## WORK INSTRUCTIONS
Give the listing again word for word, excluding the pictures it contains.

## GIVEN MATERIAL
____

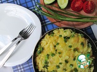 Готовый пирог украшаем нарезанным зеленым луком и в горячем виде подаем к столу. Кстати, в холодном виде он не менее вкусен! Приятного аппетита!!! |
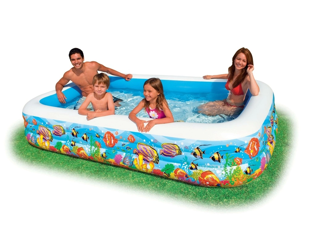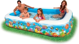 Disfruta del verano al máximo con la espaciosa piscina inflable INTEX de estilo mundo marino. Sus dimensiones de 305 × 183 × 56 cm ofrecen espacio suficiente para niños y adultos. Tres cámaras de aire independientes para un inflado y desinflado rápidos, vinilo de alta calidad resistente y un kit de reparación incluido la convierten en una excelente opción para la diversión en el jardín.
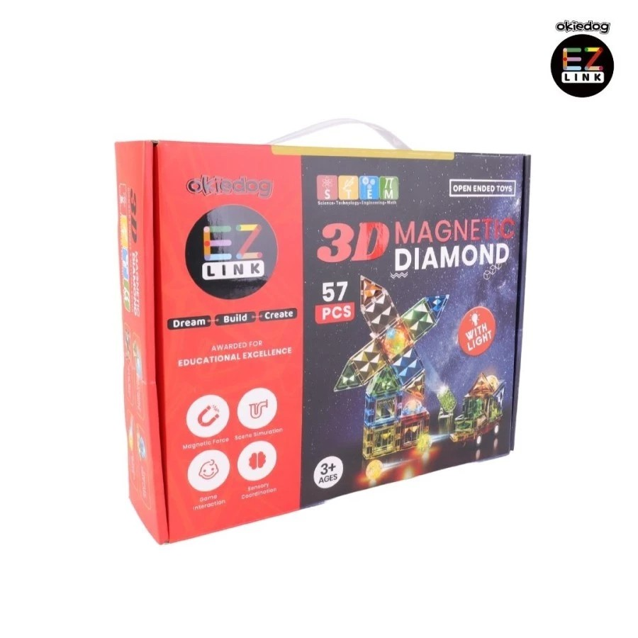 Okiedog EZLINK Magnetic Diamond With Light merupakan mainan edukasi anak terbaru dari Okiedog dengan pendidikan STEM (Science, Technologi, Engineering, and Math), dilengkapi dengan lampu agar si kecil semakin bersemangat dalam bermain sambil belajar.
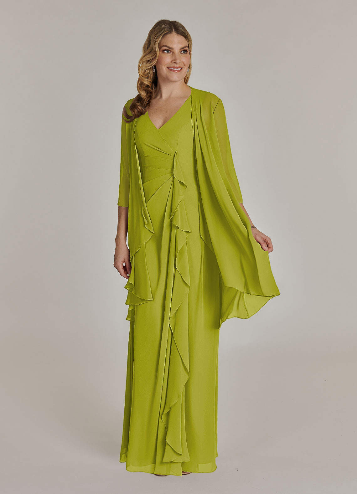 Robe Trapèze en Mousseline de soie Col V plissé Citronnelle

____

## ANSWER BOX
 Готовый пирог украшаем нарезанным зеленым луком и в горячем виде подаем к столу. Кстати, в холодном виде он не менее вкусен! Приятного аппетита!!! |
 Disfruta del verano al máximo con la espaciosa piscina inflable INTEX de estilo mundo marino. Sus dimensiones de 305 × 183 × 56 cm ofrecen espacio suficiente para niños y adultos. Tres cámaras de aire independientes para un inflado y desinflado rápidos, vinilo de alta calidad resistente y un kit de reparación incluido la convierten en una excelente opción para la diversión en el jardín.
 Okiedog EZLINK Magnetic Diamond With Light merupakan mainan edukasi anak terbaru dari Okiedog dengan pendidikan STEM (Science, Technologi, Engineering, and Math), dilengkapi dengan lampu agar si kecil semakin bersemangat dalam bermain sambil belajar.
 Robe Trapèze en Mousseline de soie Col V plissé Citronnelle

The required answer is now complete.